Moving from Schlafly’s Tap Room on Wednesday to Blueberry Hill’s Duck Room on Thursday brought a different, and louder, vibe. After a solid opening by St. Louis’ Pretty Little Empire, Deano and the Purvs – the spawn of Chicago roots bands the Waco Brothers and the Meat Purveyors – amped up for a set of country and rockabilly flavored rock ‘n’ roll.
Deano Waco – aka Dean Schlabowske of Jon Langford’s Waco Brothers – and Jo Walston of the bluegrass Meat Purveyors shared the vocals backed by a combination of players from each band. The six players roared through songs including “Untouchable,” “House at the End of the Line,” “Vacant Lot,” a riff on Bill Monroe’s “Little Red Shoes” and “World’s Oldest Man.”
Deano and the Purvs were propelled by Waco Brothers bassman Alan Doughty, all arms and legs and energy, playing six notes where most would play but one.
Closing the night was the classy Chicago singer Kelly Hogan. The veteran performer, whose new album “I Like to Keep Myself in Pain” is one of the best of the year, was a picture of mixed messages: black jacket-and-skirt power suit from the knees up, sparkly ankle socks and bright red high-heel sandals below.

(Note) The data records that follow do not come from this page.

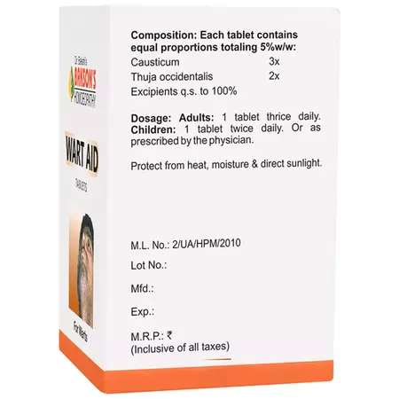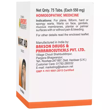 Bakson’s Wart Aid Tablet is a potent homeopathic medicine for warts which could be plane, filiform, hard, or spongy warts; on the face, genitals, mucous membranes, plantar or palmar surfaces, with or without pain and bleeding.
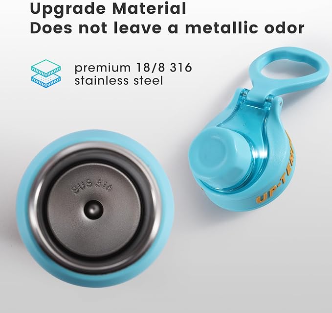 • Made of 18/8 316 food grade stainless steel, the water bottle is durable, it will never leave a metallic taste or rust. Portable carrying handle design makes it easy to carry around on a daily basis. Its wide mouth opening makes filling and cleaning your ice cubes quick and easy.
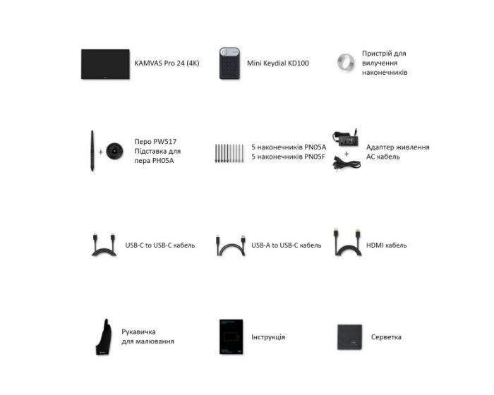 Package contents:stylus, USB-C cable, instruction, USB cable, replaceable tips for stylus, stylus stand, HDMI cable, glove, clip for removing tips, screen wipe, power cable, power supply, cleaning cloth, graphical monitor, keyboard
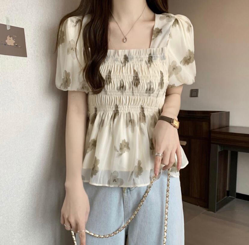 韓国ファッション スクエアネック ブラウス 春夏 シャーリング トップス パフスリーブ きれいめ ブラウス ペプラムヘム
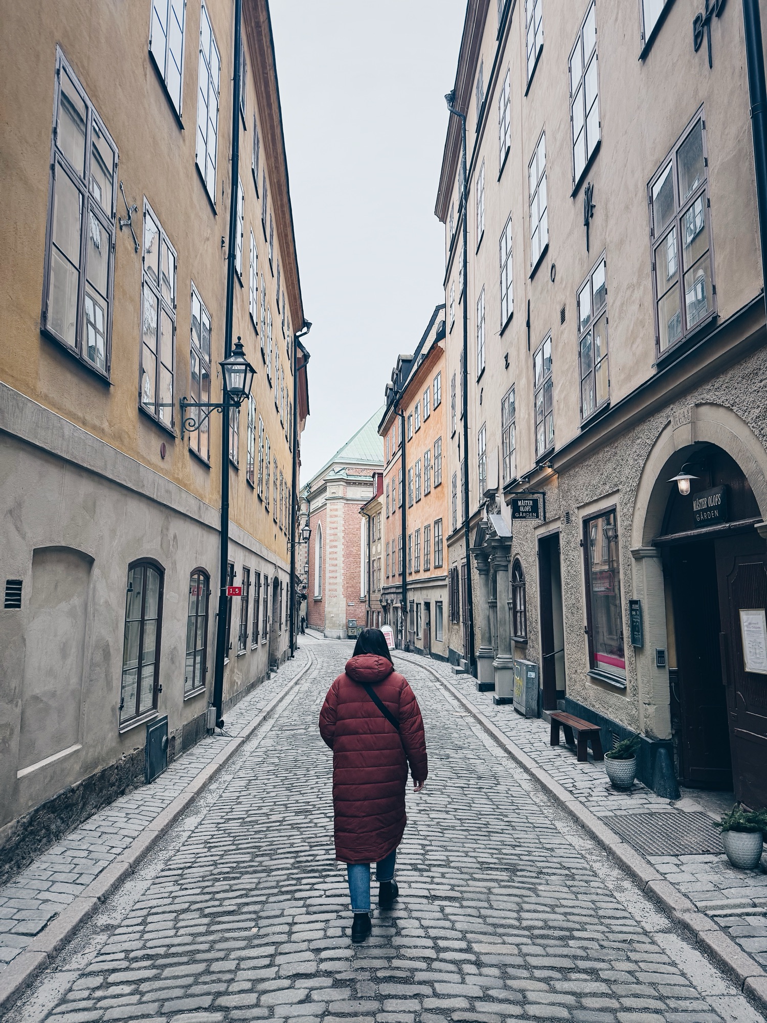 From there, we wandered through Gamla Stan, Stockholm’s old town. The narrow cobbled streets, crooked buildings and warm lights glowing from café windows made it feel almost storybook-like, especially in the winter light.

Hogan had exceptional support by a suit-clad band that included album producer Scott Ligon on keys, Wacos drummer Joe Camarillo, bassist Casey McDonough and guitarist Jim Elkington. She performed several tracks from the new CD, which boasts writing contributions from Robbie Fulks, Robyn Hitchcock, Jeff Tweedy, M. Ward, Vic Chestnutt and Langford, among others.

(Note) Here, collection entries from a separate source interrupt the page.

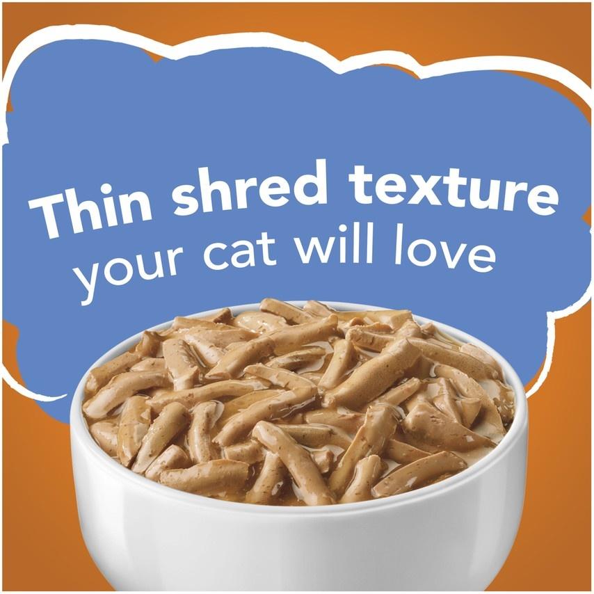 Shop / Unknown Type / Friskies Savory Shreds with Chicken in Gravy Canned Cat Food Friskies Savory Shreds with Chicken in Gravy Canned Cat Food Friskies Weight: 5.5 oz, case of 24 $21.99 5.5-oz, case of 24 Purchase Options Free In-Store Pick Up Not Available Save 10% on orders $49+ Set your store for inventory and store pickup details Zip Code Search Same-day Delivery* No minimum charge for delivery orders. *Order before 2pm and have it delivered today. Orders placed after 2pm will be delivered the next day. Must be inside delivery radius. Zip Code Unfortunately delivery is not available to this address. In order to ensure the best availability accuracy, changing your selected store will remove all items from your cart. You will need to re-add these items with your newly selected store if you choose to continue. Continue Cancel Ship it to Me Quantity Add To Cart Feeding guide disclaimer ✕ Feeding guides provide a starting point for the amount of food to give your pet each day. We recommend that you keep your pet in ideal body condition and not allow them to become overweight. The amount of food your pet needs can vary based on age, activity level or other food and treats given, so be sure to work with your veterinarian to determine an appropriate weight for your pet, and to make any necessary adjustments to their feeding. Information Satisfy your cat's cravings for classic taste with Purina Friskies Shreds With Chicken in Gravy wet cat food. Real chicken delivers the yummy poultry flavor cats love, and the savory gravy adds moisture and flavor for even more delectable goodness in every bite. Featuring a tender shredded texture, this wet cat food invites your cat to nibble to her heart's content. Feel good about giving her 100% complete and balanced nutrition for adult cats, and let her delight in the rich tastes that make this meal an instant favorite for the feline members of your family. Open a can of this tempting recipe, and let the mouthwatering aroma send a signal to your cat that something delicious is about to happen in her dish. With so much decadent flavor packed into every bite, this wet cat food satisfies her cravings and leaves her belly delightfully happy. Let your cat delight in every savory bite of Purina Friskies Shreds With Chicken in Gravy wet cat food. The tender shreds of real chicken offer a taste, texture and aroma that make every meal a feast for all her senses, and the essential vitamins and minerals in each serving let you know she's getting a high-quality meal. With a rich gravy, this recipe gives your feline friend a delicious reason to lick her dish clean after every feeding. Give your cat a daily dose of yum with this canned wet cat food, and bring even more palate-pleasing flavors to her dish when you alternate between this recipe and our Purina Friskies Tender & Crunchy Combo dry cat food. You take pride in giving your cat only the best, and this Purina Friskies Shreds recipe makes it easy to offer her the nourishing, high-quality meals she deserves. We strive to make quality the number one ingredient in everything we produce, and we formulate this recipe to meet or exceed industry standards for cat food. The result is a safe, delicious and nutritious meal you can feel confident about serving to her every day. Because you care about where your cat's food comes from, we manufacture this wet cat food in our Purina-owned U.S. facilities. Each batch undergoes rigorous checks for quality and safety throughout every step of the manufacturing process to give you added peace of mind every time you reach for a can. Sustainability is a core concept at Purina, and we hold to that commitment by seeking out eco-friendly packaging options and responsibly sourced ingredients. That's why this wet cat food variety is packaged in conveniently recyclable cans. Show your cat just how much you love her when you offer her Purina Friskies Shreds With Chicken in Gravy wet cat food. Ingredients Water, Chicken, Liver, Wheat Gluten, Turkey, Meat By-Products, Corn Starch-Modified, Soy Flour, Artificial And Natural Flavors, Tricalcium Phosphate, Minerals [Potassium Chloride, Zinc Sulfate, Ferrous Sulfate, Manganese Sulfate, Copper Sulfate, Potassium Iodide], Added Color, Salt, Choline Chloride, Taurine, Vitamins [Thiamine Mononitrate (Vitamin B-1), Vitamin E Supplement, Niacin (Vitamin B-3), Calcium Pantothenate (Vitamin B-5), Vitamin A Supplement, Menadione Sodium Bisulfite Complex (Vitamin K), Pyridoxine Hydrochloride (Vitamin B-6), Riboflavin Supplement (Vitamin B-2), Vitamin B-12 Supplement, Biotin (Vitamin B-7), Folic Acid (Vitamin B-9), Vitamin D-3 Supplement]. Guaranteed Analysis Nutrient Guaranteed Units Crude Protein 9.0% min Crude Fat 2.5% min Crude Fiber 1.0% max Moisture 82.0% max Ash 2.5% max Taurine 0.05% min Customers also liked Customer Reviews
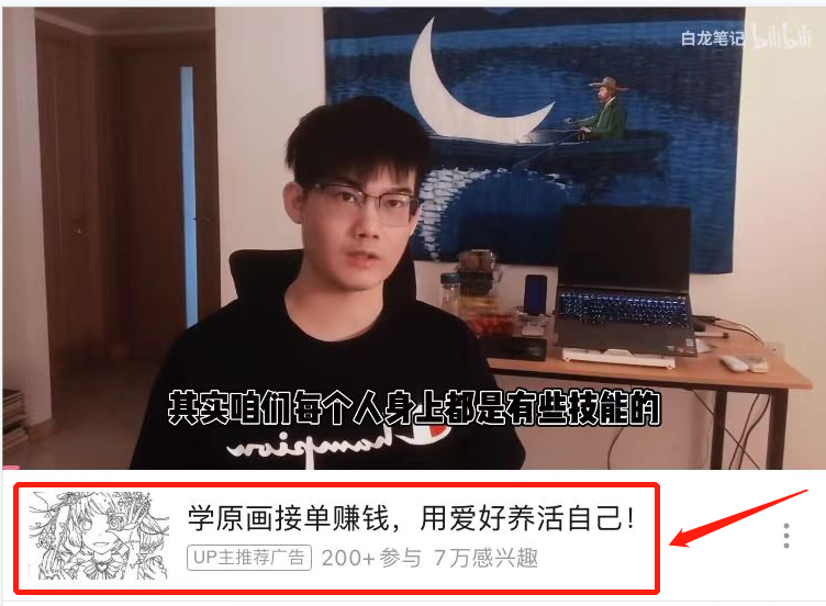 广告分成,就是B站在你的视频下面会插入一个横条广告,一个观众点击了广告,则给你对应的点击收益。
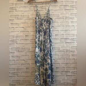 NWOT Women’s Angie floral tropical sleeveless calf length jumpsuit romper Small

Hogan’s own compositions held their own, especially the new song “Golden,” written for Hogan’s pal and fellow Chicago-based singer Neko Case. A moving encore of Stephin Merritt’s “Papa Was a Rodeo,” Free Design’s “Kites are Fun” and Chris Scruggs’ “Sing Your Tune” sent the crowd home smiling.

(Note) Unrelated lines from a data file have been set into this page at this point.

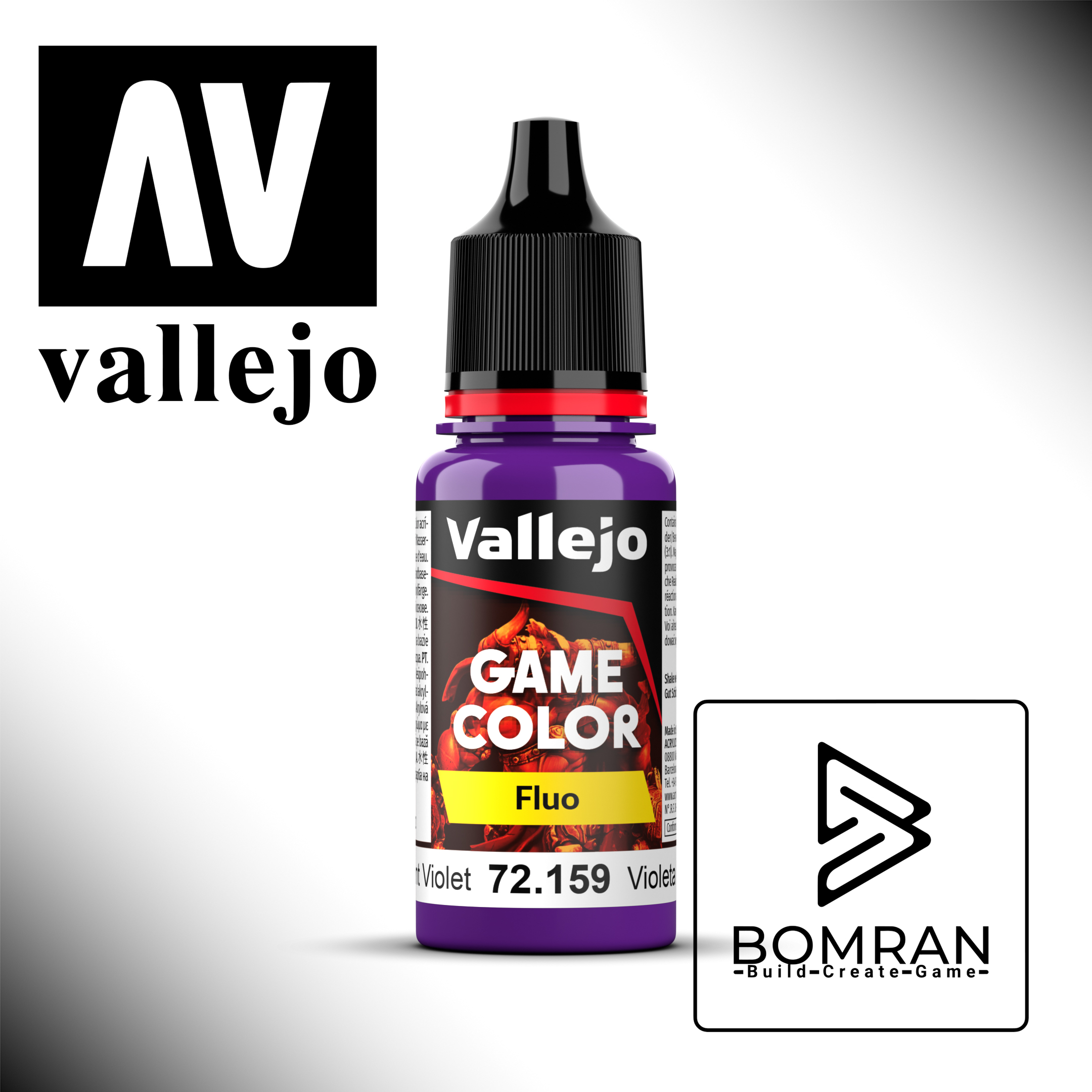 Packaged in an 18 ml/0.6 fl oz bottle with an eyedropper, this paint is designed to prevent evaporation, ensuring it remains usable for an extended period. Infuse vibrant elegance into your miniatures with Vallejo Game Colour Fluorescent Violet 72.159.
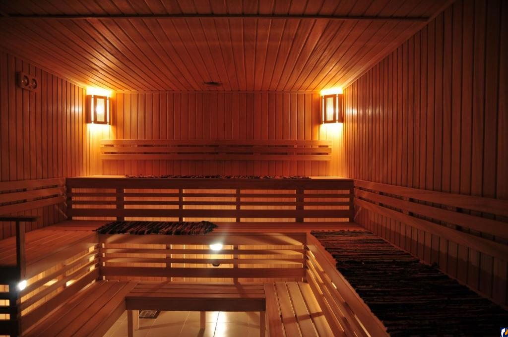 Сауна. Она позволит расслабиться, а натуральное покрытие сделает здесь ваше пребывание еще и полезным для здоровья. За такой размах, удобные полочки, а также мягкий приглушенный свет можно простить и отсутствие ванны в домике.
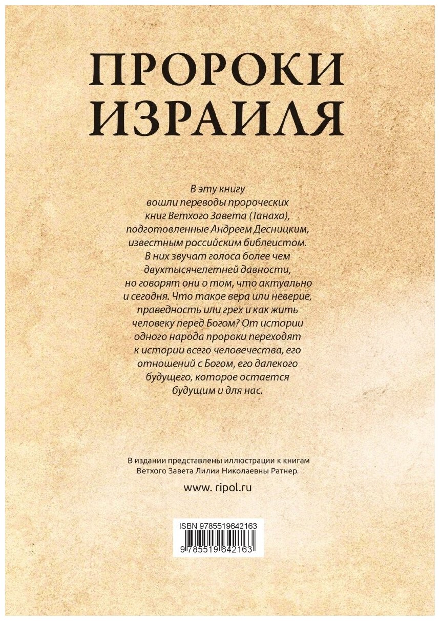 В эту книгу вошли переводы пророческих книг Ветхого Завета (Танаха), подготовленные Андреем Десницким, известным российским библеистом. В них звучат голоса более чем двухтысячелетней давности, но говорят они о том, что актуально и сегодня. Что такое вера или неверие, праведность или грех и как жить человеку перед Богом? От истории одного народа пророки переходят к истории всего человечества, его отношений с Богом, его далекого будущего, которое остается будущим и для нас.В издании представлены иллюстрации к книгам Ветхого Завета Лилии Николаевны Ратнер.

But between Deano and Hogan was the act people had come to see: Cincinnati’s Wussy, led by Chuck Cleaver and Lisa Walker. One of those bands people either love without question or just don’t get, Wussy had the crowd pressed to the stage and jumping for joy.
All tattooed and rumpled, Wussy roared through new tracks from its “Strawberry” CD, including the B-52-ish “Pulverized,” “Grand Champion Steer” and “Waiting Room,” plus older favorites “Airborne,” “Muscle Cars” and the closer, “Shunt.”
It was the band’s first St. Louis appearance in five years, and it was clear both Wussy and its fans had a lot of pent-up longing to satisfy.